I’m also going to remind you
a little bit about trig
So, sine goes to cos and
cos goes to minus sine.
Differentiate in that direction,
integrate in that direction.
So I’ve got all the information or the
things my mind could perhaps slip up on,
on the side here before
I start this question.
So let’s split this into 2.
U equals to 2X minus 1.
V' equals the sine of 3X.
This, we’re going to differentiate.
This, we’re going to integrate
to get your u' and v.
U' gives me 2 and v gives me --
remember we are integrating that,
so sine integrates to minus cos.
So that’s going to go to minus
cos 3X and when you integrate,
you divide by the differential.
We put this all into the formula.
So you have u times v from here firstly.
You multiply u with v to give you minus
and we just put this minus on the outside
and then I have 2x minus 1
multiplied by cos of 3x over 3,
minus the integral of vdu dx
So, the integral of those two terms here.
So if I do u' first, I’ve got 2
multiplied by -cos of 3x over 3, dx.
Again, look at your integral,
that’s looking good.
We have only one function of X.
There are few things we
need to tidy up before,
but the good news is, that there is just
1 function of X which we can deal with.
So, you can move that 3 here.
So we can re-write this as minus 2x
minus 1 over 3 multiplied by cos of 3x.
There is no reason you need to
do that, but 3 can stay anywhere,
it’s dividing that entire term.
Let’s take this 2 over
3 out of the integral
or let’s do this minus and a minus first.

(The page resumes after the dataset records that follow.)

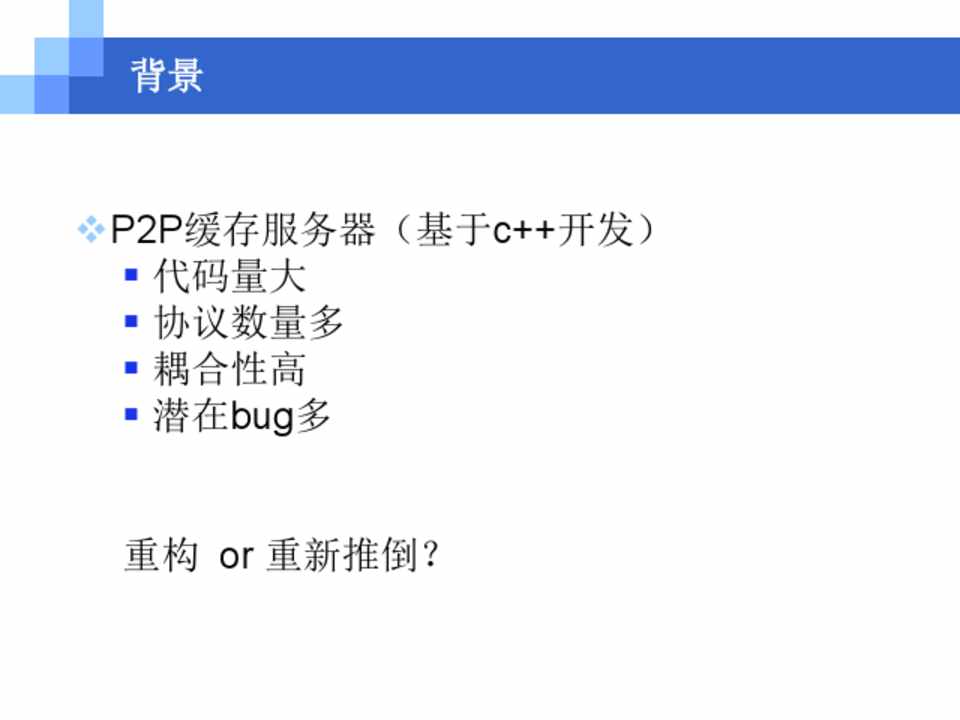 vP2P缓存服务器(基于c++开发) § 代码量大 § 协议数量多 § 耦合性高 § 潜在bug多
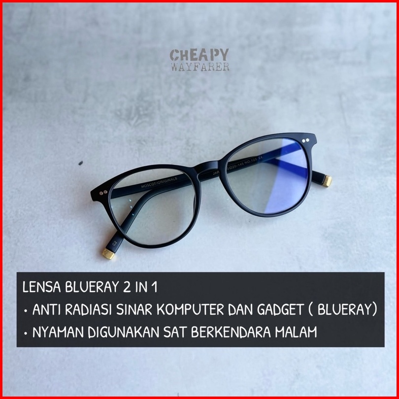 Kacamata Moscot Jared Unisex Paket Lensa Normal Dan Minus Cylinder Antiradiasi Photocromic Bluecromic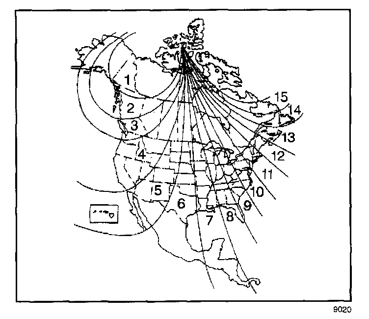 5. Press the US/MET switch until your zone number appears on the display.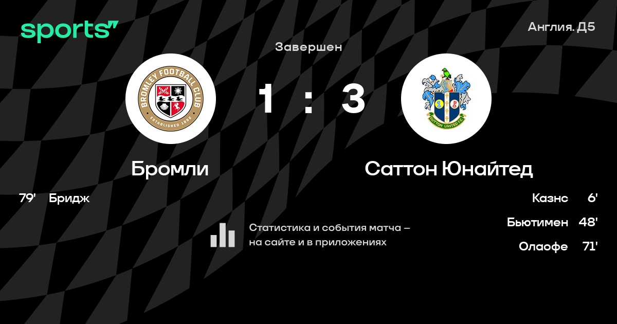 Трансляция Бромли - Саттон Юнайтед

So, let’s do the plus and out of the
integral, we are also taking 2 over 3 out,
leaving us with just the
integral of cos 3X.
So it’s easy as you can make it
before you start to integrate.
So I’ve done minus times a minus
to give me a plus, this sign here.
And then, I’ve also taken this 2 and 3 out.
So, 2 is multiplying
here and dividing there.
So I’ve written as a fraction 2 over 3.
Now, I just need to integrate.
If I re-write this as
minus 2x minus 1 over 3,
cos of 3x not much more I
can do on the outside.
We got a plus 2 over 3 here.
I’m integrating cos of 3x,
so cos integrates to sine.
But remember, do this 1
step at a time firstly.
You have sine of 3x and then divide
it by the differential which is 3.
And then once I’ve multiplied
it through, I’ll add my plus C.
So this gives me minus 2x
minus 1 over 3, cos of 3X.
These 2 numbers can
multiply at the bottom,
so that gives me plus 2 over 9,
sine of 3X plus C.